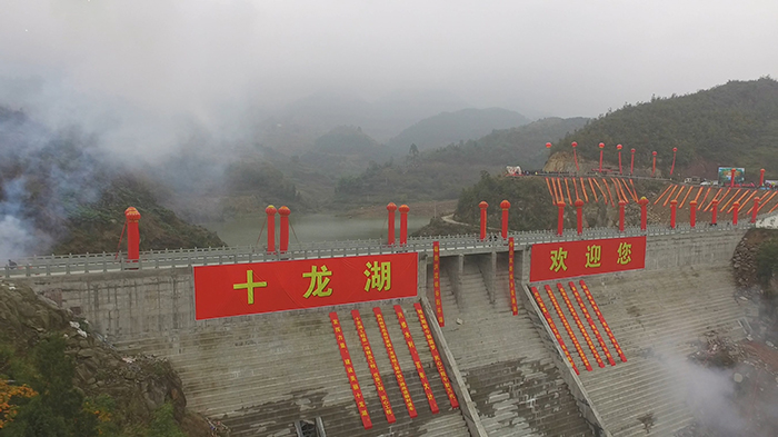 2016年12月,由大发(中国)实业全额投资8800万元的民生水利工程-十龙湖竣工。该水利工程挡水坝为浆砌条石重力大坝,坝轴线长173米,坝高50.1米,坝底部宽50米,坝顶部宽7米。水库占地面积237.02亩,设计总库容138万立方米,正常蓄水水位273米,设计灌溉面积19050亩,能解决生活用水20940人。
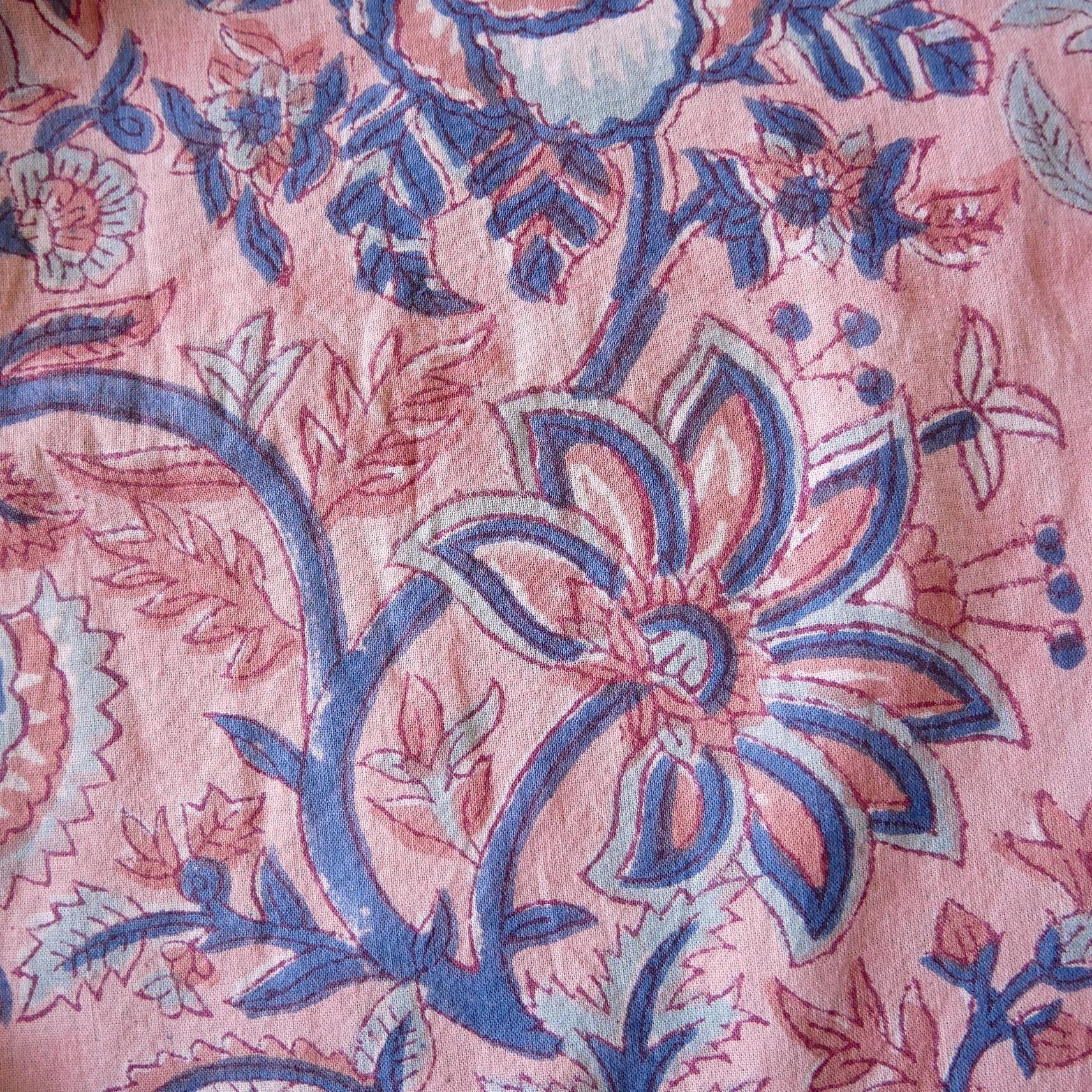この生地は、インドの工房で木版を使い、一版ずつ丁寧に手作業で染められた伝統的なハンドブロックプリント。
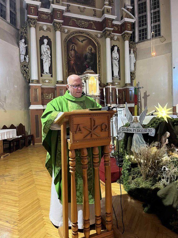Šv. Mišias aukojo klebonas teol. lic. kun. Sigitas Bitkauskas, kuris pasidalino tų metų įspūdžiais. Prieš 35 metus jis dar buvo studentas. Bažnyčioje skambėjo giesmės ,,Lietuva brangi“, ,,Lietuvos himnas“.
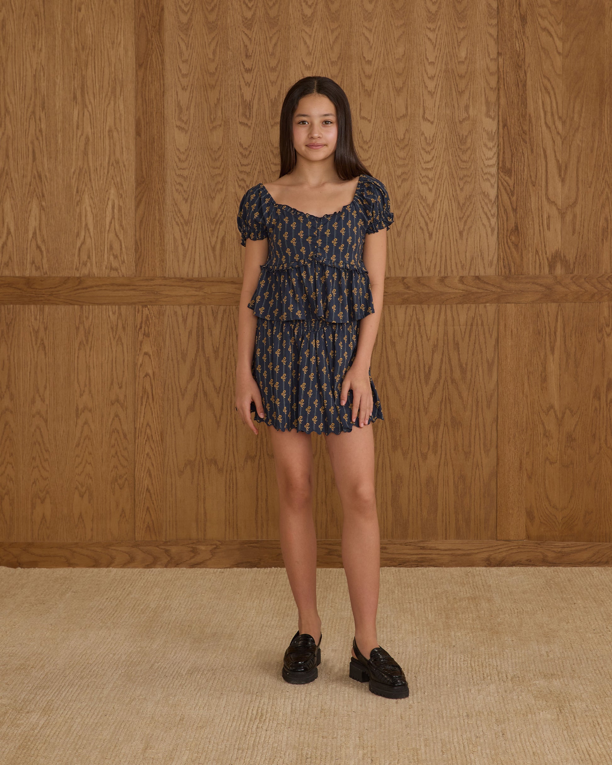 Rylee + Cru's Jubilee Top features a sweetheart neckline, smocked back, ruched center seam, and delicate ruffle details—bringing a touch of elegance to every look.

----

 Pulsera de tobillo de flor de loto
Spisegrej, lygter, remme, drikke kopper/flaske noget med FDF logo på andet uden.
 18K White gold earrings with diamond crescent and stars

----

#### What you have to do
Would you output, from the records above, exactly the run of lines that starts at the line containing "Spisegrej, lygter, remme, drikke" and ends at the line containing "18K White gold", and only that run?

#### Answer for the task
Spisegrej, lygter, remme, drikke kopper/flaske noget med FDF logo på andet uden.
 18K White gold earrings with diamond crescent and stars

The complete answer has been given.